Umkämpfter Spendenmarkt
Fastenaktion sieht sich seit Jahren mit dem Problem der weltweit steigenden Armut konfrontiert. «Die Spenden aus dem kirchlichen Umfeld reichen zur Finanzierung der Projektarbeit schon länger nicht mehr aus», sagt Lucrezia Meier-Schatz. «Einerseits spielt die Säkularisierung im Sinne des Religionsverlustes und andererseits die immer weiter schwindende Bedeutung der Religion für den spürbaren Spendenrückgang aus kirchlichen Kreisen eine Rolle.» Früher finanzierte Fastenaktion ihre Projektarbeit vor allem durch treue Spenderinnen und Spender. Älteren Generationen dürfte das blau-violette Spendensäckli von «Fastenopfer» noch in Erinnerung sein. Dies hat sich gemäss Lucrezia Meier-Schatz geändert. Heute habe sich das soziale Engagement von institutionsorientierten Spenden auf einzelne themenspezifische Projekte verschoben, erklärt Meier-Schatz. «Die jüngeren Generationen spenden meist für Einzelprojekte und wollen sich, wie in vielen Lebenslagen, nicht binden oder auf eine einzelne Organisation konzentrieren.» Lucrezia Meier-Schatz wertet diese Entwicklung nicht negativ, sondern spricht von einer legitimen Entscheidung und ist überzeugt: «Jedes gesellschaftliche und soziale Engagement ist essenziell.» Die Entwicklung erfordere von Fastenaktion allerdings ein Umdenken. «Wir müssen die jüngeren Menschen heute häufiger ausserhalb der kirchlichen Institutionen ansprechen und mehrgleisig fahren in der Kommunikation.»
In Bern lobbyieren
Als Bundesparlamentarierin war sich Lucrezia Meier-Schatz gewöhnt, ihre Meinung zu vertreten.
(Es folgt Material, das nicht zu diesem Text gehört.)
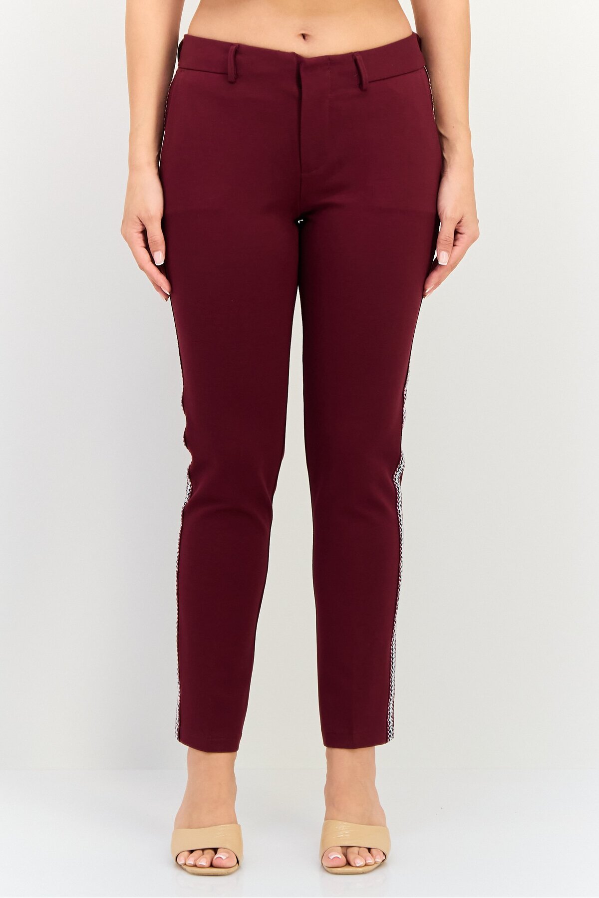ميزات بنطلون نسائي سادة بقصة عادية وساق مستقيمة، لون عنابي من Reiko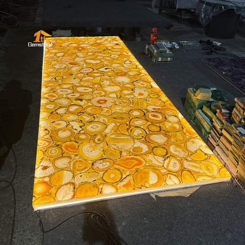 उज्ज्वल रंगीन बैकलिट पीले प्राकृतिक क्रिस्टल एगेट पारदर्शी पत्थर रसोई द्वीप बार काउंटरटॉप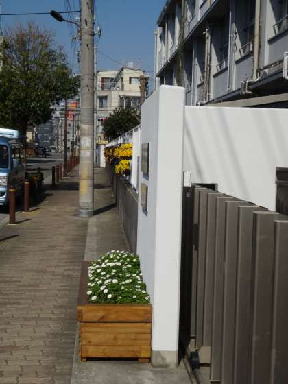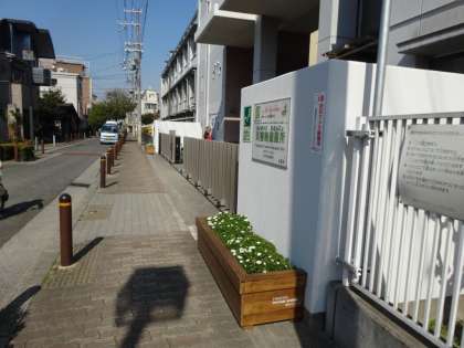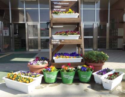 管理作業員さんが古いバケツにペンキを塗って、花を植えて正門前に置くと、正門前がさらにきれいになりました。今日の暖かい日差しに照らされてすごく華やかになりました。小学校の前を通られるときに見ていただければと思います。地域との植栽によるビオラと一体となったきれいな風景になり、通りかかった近所の方にもほめていただきました。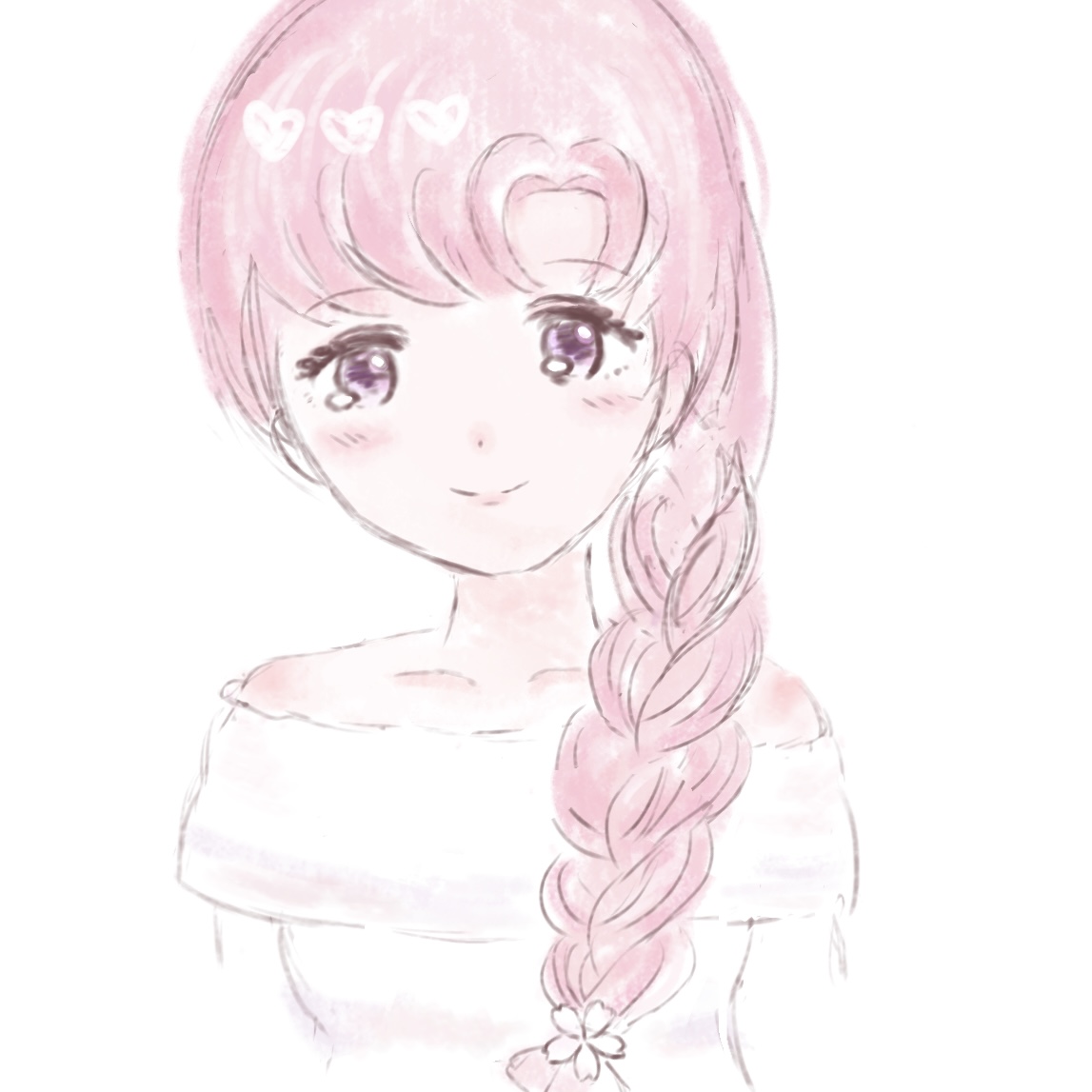 ・髪型 薄いピンク色のロングヘア。地毛はゆるくウェーブしている。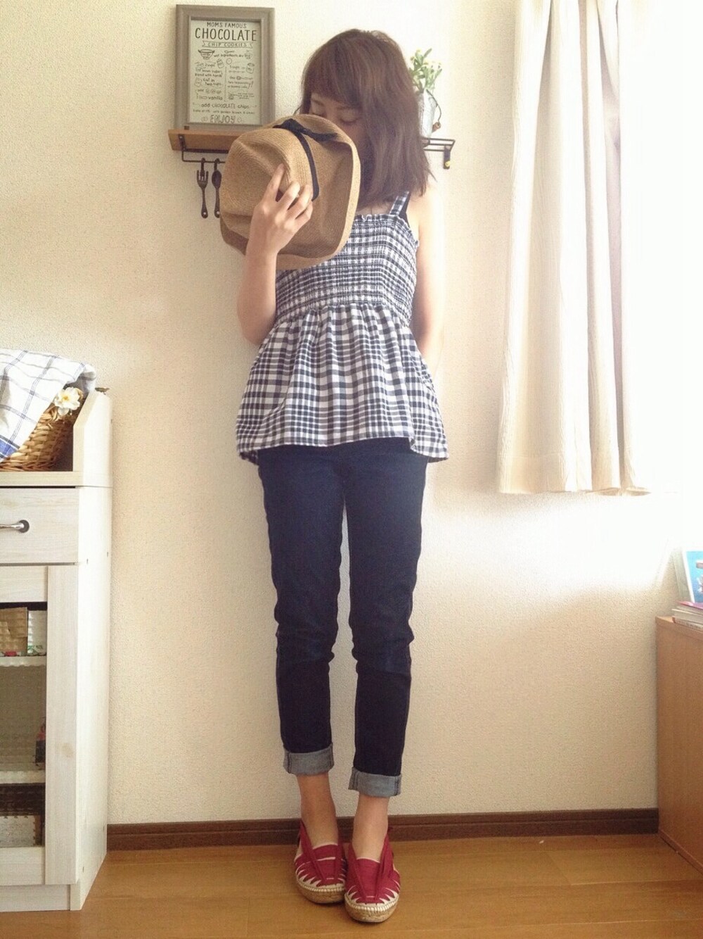 usedのギンガムチェックのキャミは 1枚で着たいお気に入り. インナーなしでも髪長いと肩がかくれて いいかんじです(*´˘`*) 赤のエスパドリーユで女の子らしく. キャミソール:used 帽子:マチュア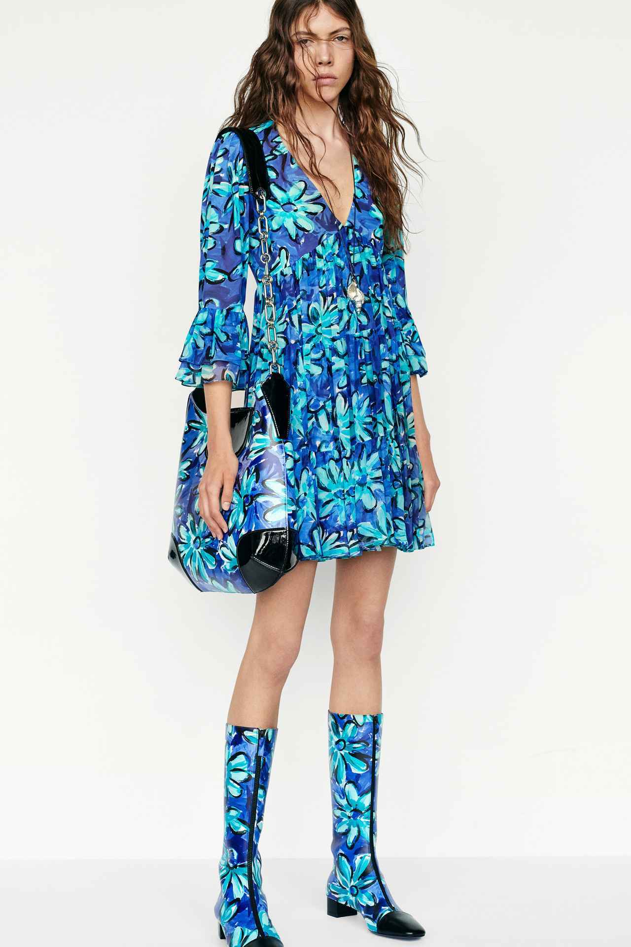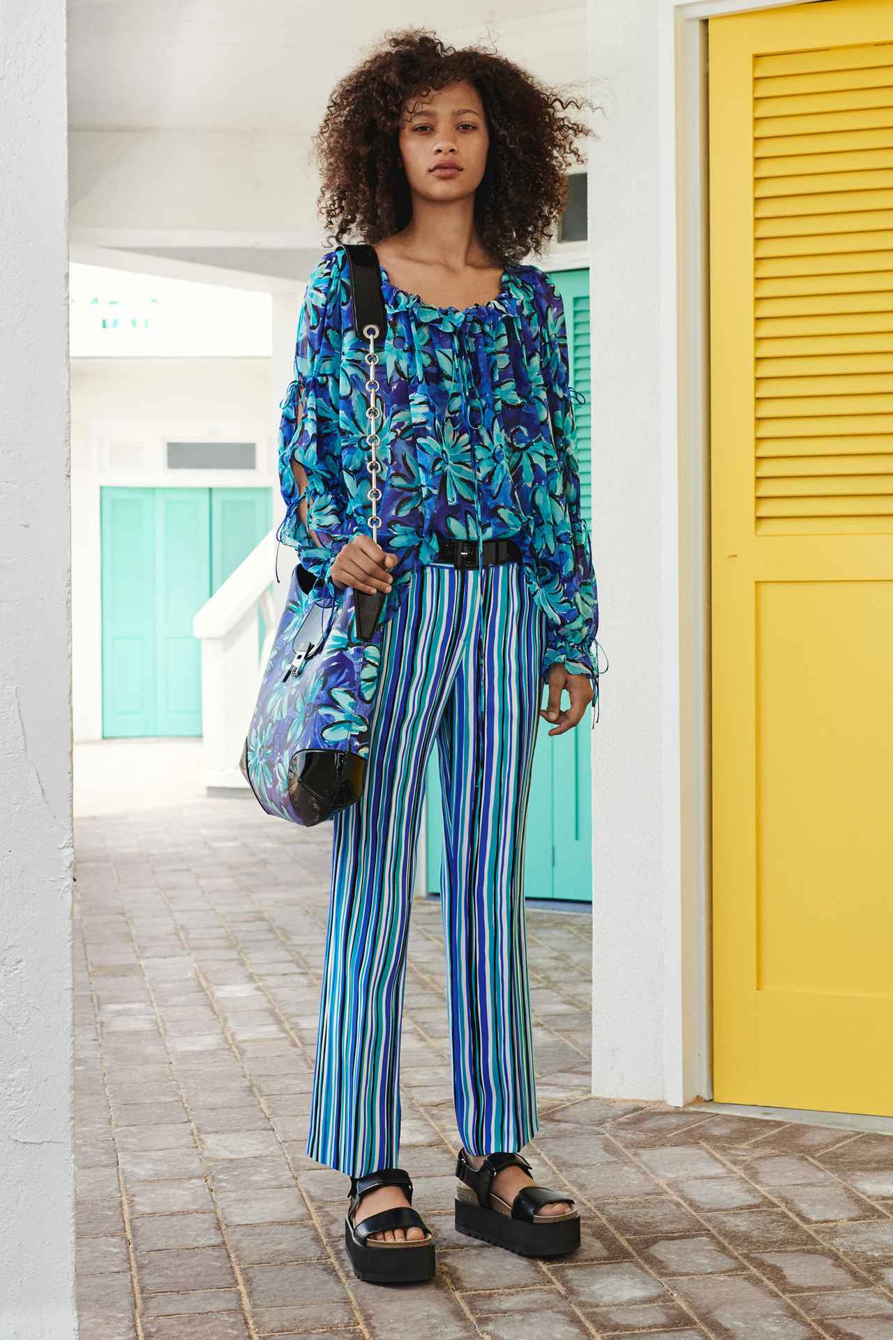 絵画のような花柄、馬蹄、レオパードとギンガムチェックの折衷的なパターンミックス。

Ihre politischen Erfahrungen setzt sie heute gezielt für Fastenaktion ein. Das Schlagwort hier lautet Lobbying. «Von den ständigen politischen Sparbemühungen des Parlaments sind wir direkt betroffen», sagt Lucrezia Meier-Schatz und spricht von einer riesigen Herausforderung. «Wir brauchen die Verbindungen ins Parlament, um den Schaden für uns so gering wie möglich zu halten.» Sorgen bereitet Lucrezia Meier-Schatz die Strategie Internationale Zusammenarbeit des Bundesrates. Dieser wird die Botschaft für die Jahre 2025 bis 2028 in den kommenden Monaten dem Parlament unterbreiten. «Er schlägt vor, dass ein substanzieller Teil der Gelder, 1,5 Milliarden Franken, also ganze 13 Prozent, die bis anhin für die Entwicklungshilfe im Süden reserviert waren, zugunsten der Ukraine reserviert werden. Für die ärmsten Länder ist dies verheerend, auch für unsere Programme, da weniger Geld von der DEZA (Anm. der Red.: Direktion für Entwicklung und Zusammenarbeit) zur Verfügung steht», erklärt Lucrezia Meier-Schatz und unterstreicht: «Gelder für die Unterstützung der Ukraine müssen gesprochen werden, dürfen aber nicht aus dem Topf, der für die Projekte der Internationalen Zusammenarbeit im Süden vorgesehen ist, entnommen werden.»
Einsatz nicht gefährden
In den kommenden Wochen wird Fastenaktion die Strategie für die Jahre 2024 bis 2028 festlegen. Die Länderprogramme, die systematisch evaluiert werden, sowie die Kampagnen stehen, angesichts der erwähnten Herausforderungen, im Fokus. «Wir müssen sicherstellen, dass wir mit unserem Engagement die Wirkung erreichen, die die Lebensqualität der Ärmsten nachhaltig verbessert, und wir weiterhin ein verlässlicher Partner für unsere Partnerorganisationen im Süden bleiben.» Auch die Suche nach neuen Partnerschaften wird die Verantwortlichen in Zukunft beschäftigen. Für Lucrezia Meier-Schatz ist klar: «Wir müssen wieder mehr die Gemeinschaft fördern in einer Zeit, in der der Individualismus Vorhand hat.» In den kommenden Jahren sollen wieder Aktionsforen stattfinden. Die Herausforderungen für Fastenaktion werden indes bleiben. Aber Lucrezia Meier-Schatz blickt positiv in die Zukunft. Sie weiss: «Die Spendenbereitschaft in der Schweiz ist nach wie vor gross und dafür sind wir dankbar.» Fastenaktion hat 2022 Spenden und Beiträge in Höhe von rund 24 Millionen Franken, davon 8 Millionen aus der öffentlichen Hand (u. a. DEZA), erhalten und in ihren 12 Länderprogrammen 338 Projekte unterstützt. Mit ihrem Engagement konnte sie die Lebensqualität von 2,5 Millionen Menschen erreichen, 58 Prozent waren Frauen.